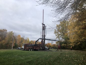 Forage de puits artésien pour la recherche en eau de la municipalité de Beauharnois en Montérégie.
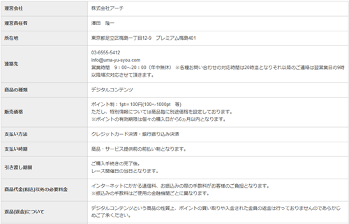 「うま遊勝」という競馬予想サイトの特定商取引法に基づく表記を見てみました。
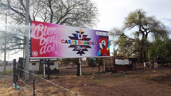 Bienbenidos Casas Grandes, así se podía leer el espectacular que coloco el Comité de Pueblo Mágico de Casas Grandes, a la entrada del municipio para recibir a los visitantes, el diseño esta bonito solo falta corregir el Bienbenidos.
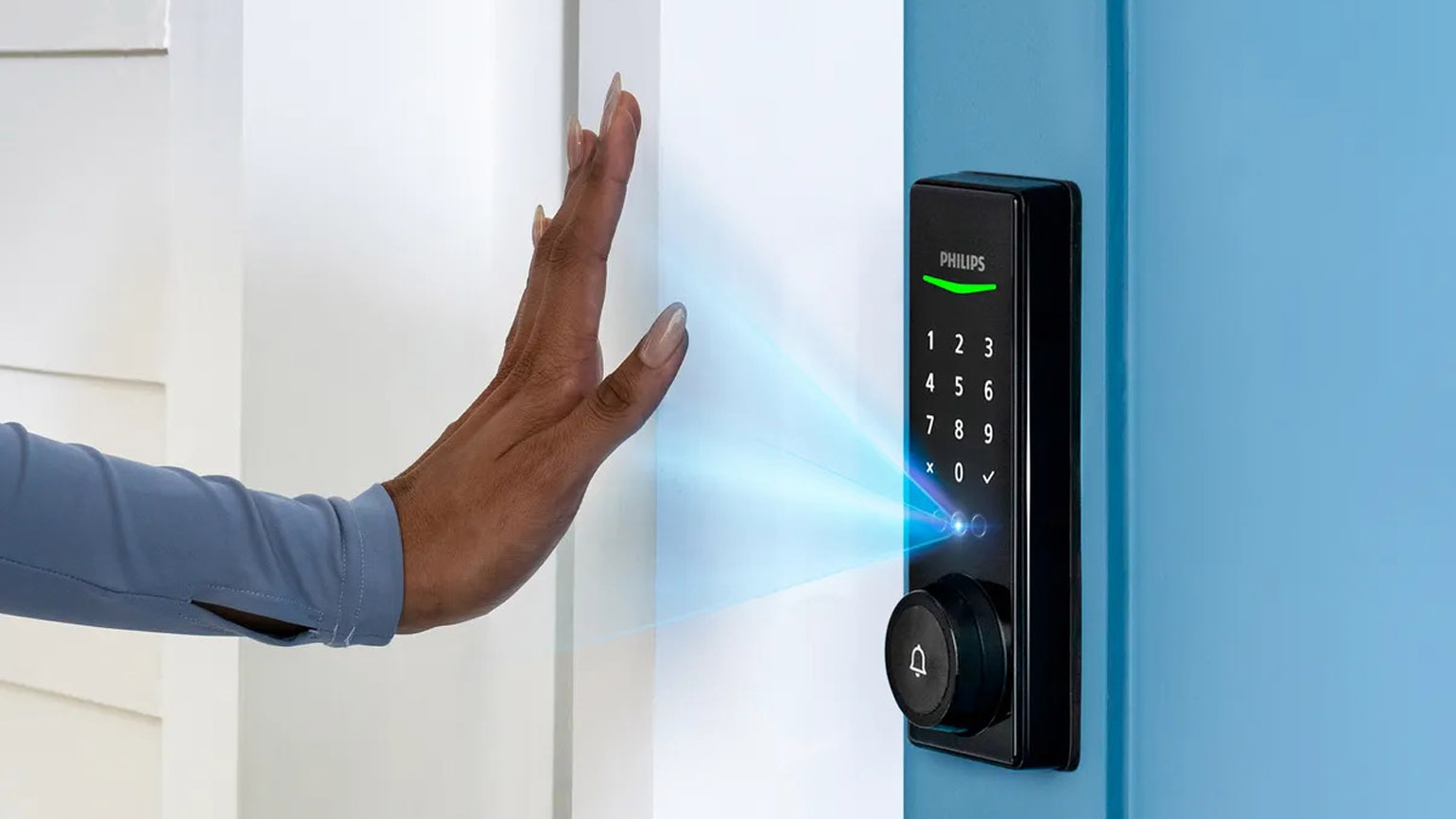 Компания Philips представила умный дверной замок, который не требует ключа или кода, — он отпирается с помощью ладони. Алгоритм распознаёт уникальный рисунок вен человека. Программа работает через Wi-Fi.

* * *

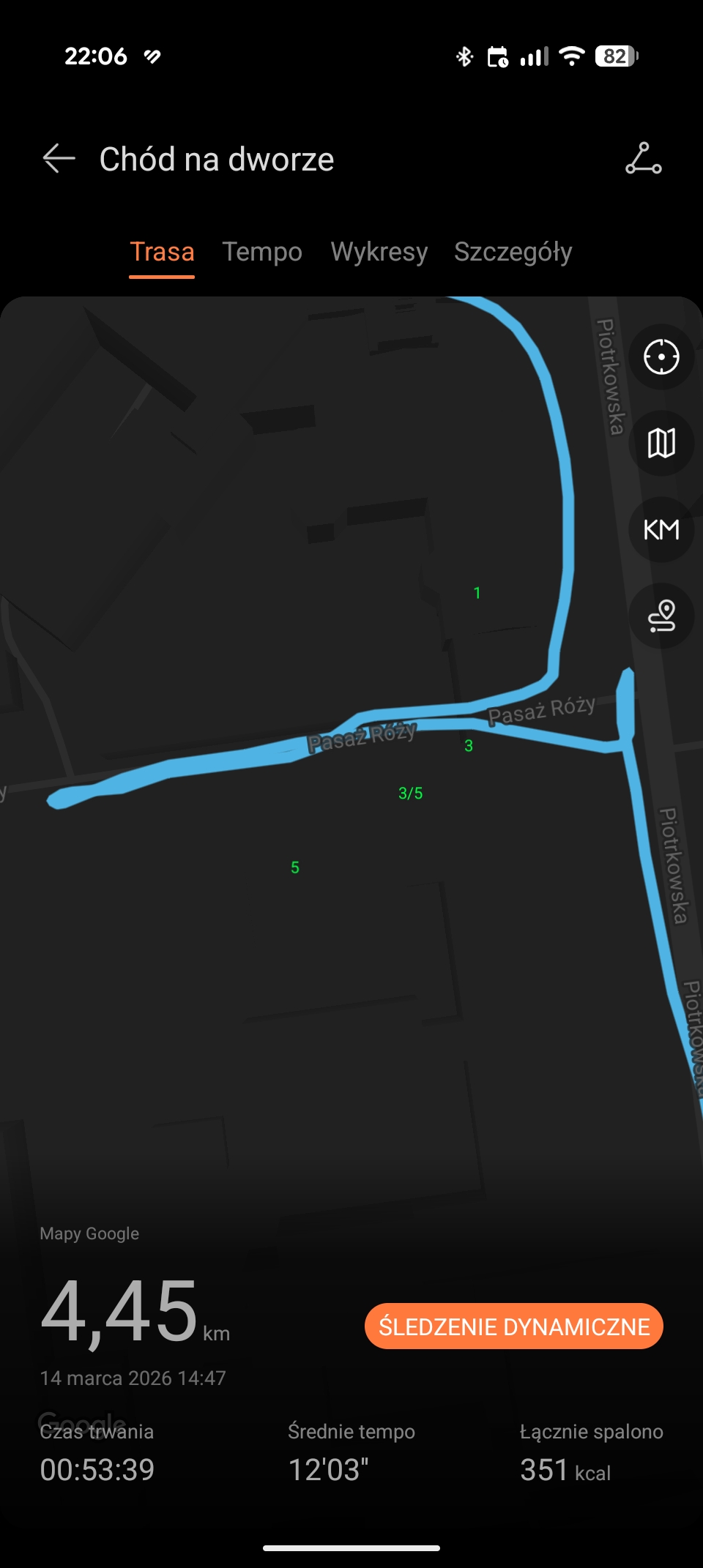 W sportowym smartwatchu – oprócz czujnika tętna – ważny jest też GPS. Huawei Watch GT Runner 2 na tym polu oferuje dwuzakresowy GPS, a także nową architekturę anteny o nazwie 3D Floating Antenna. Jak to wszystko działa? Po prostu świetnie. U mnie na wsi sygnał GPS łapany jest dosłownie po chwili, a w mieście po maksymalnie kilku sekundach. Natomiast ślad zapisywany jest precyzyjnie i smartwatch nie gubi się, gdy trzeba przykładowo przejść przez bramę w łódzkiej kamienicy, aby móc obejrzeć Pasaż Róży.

* * *

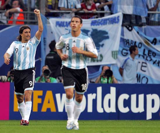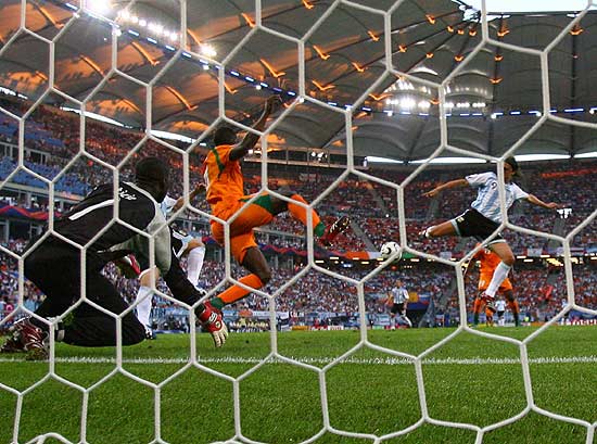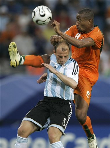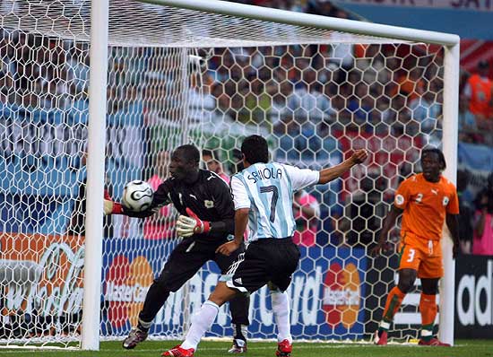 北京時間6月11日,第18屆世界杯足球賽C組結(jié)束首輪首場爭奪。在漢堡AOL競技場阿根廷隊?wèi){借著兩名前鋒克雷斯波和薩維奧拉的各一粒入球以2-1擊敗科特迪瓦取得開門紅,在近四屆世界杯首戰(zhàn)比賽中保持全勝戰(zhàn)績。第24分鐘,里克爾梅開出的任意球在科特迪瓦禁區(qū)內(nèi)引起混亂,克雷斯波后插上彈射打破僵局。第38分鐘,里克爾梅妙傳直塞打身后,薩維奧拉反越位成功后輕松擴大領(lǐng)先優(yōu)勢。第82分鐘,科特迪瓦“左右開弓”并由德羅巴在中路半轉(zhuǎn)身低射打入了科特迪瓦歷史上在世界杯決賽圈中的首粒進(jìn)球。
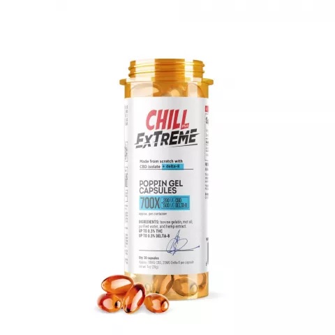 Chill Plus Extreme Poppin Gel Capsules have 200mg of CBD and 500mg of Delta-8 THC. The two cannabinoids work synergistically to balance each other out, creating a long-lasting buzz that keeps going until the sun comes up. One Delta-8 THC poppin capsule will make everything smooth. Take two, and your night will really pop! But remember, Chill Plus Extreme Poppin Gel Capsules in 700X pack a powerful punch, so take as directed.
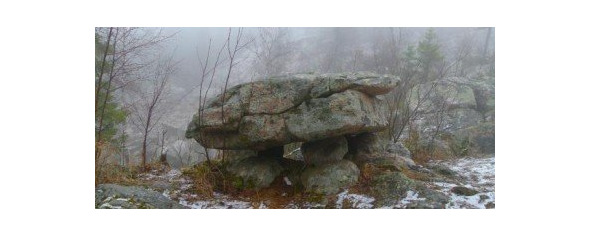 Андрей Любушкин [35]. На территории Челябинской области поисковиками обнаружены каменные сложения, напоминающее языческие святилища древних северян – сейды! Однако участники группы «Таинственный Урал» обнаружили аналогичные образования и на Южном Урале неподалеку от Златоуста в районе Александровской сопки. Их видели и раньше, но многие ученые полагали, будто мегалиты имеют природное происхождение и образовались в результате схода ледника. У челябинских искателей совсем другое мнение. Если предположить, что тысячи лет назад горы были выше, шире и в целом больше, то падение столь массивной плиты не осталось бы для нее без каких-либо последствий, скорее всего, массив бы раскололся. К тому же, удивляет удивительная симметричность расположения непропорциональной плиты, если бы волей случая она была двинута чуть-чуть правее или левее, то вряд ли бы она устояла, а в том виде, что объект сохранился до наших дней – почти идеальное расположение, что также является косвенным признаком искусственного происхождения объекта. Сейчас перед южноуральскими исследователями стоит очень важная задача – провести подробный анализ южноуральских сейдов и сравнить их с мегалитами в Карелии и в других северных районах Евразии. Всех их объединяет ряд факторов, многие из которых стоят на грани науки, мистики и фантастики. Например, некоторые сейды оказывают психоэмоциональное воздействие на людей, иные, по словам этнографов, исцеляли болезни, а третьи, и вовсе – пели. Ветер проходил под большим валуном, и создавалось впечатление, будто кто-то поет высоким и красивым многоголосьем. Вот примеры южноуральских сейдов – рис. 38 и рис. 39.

* * *

From the records above, copy only the lines running from the line containing "Forage de puits" to the line containing "Компания Philips представила", both ends included. Leave the pictures out.

• EXERCISE RESULT:
 Forage de puits artésien pour la recherche en eau de la municipalité de Beauharnois en Montérégie.
 「うま遊勝」という競馬予想サイトの特定商取引法に基づく表記を見てみました。
 Bienbenidos Casas Grandes, así se podía leer el espectacular que coloco el Comité de Pueblo Mágico de Casas Grandes, a la entrada del municipio para recibir a los visitantes, el diseño esta bonito solo falta corregir el Bienbenidos.
 Компания Philips представила умный дверной замок, который не требует ключа или кода, — он отпирается с помощью ладони. Алгоритм распознаёт уникальный рисунок вен человека. Программа работает через Wi-Fi.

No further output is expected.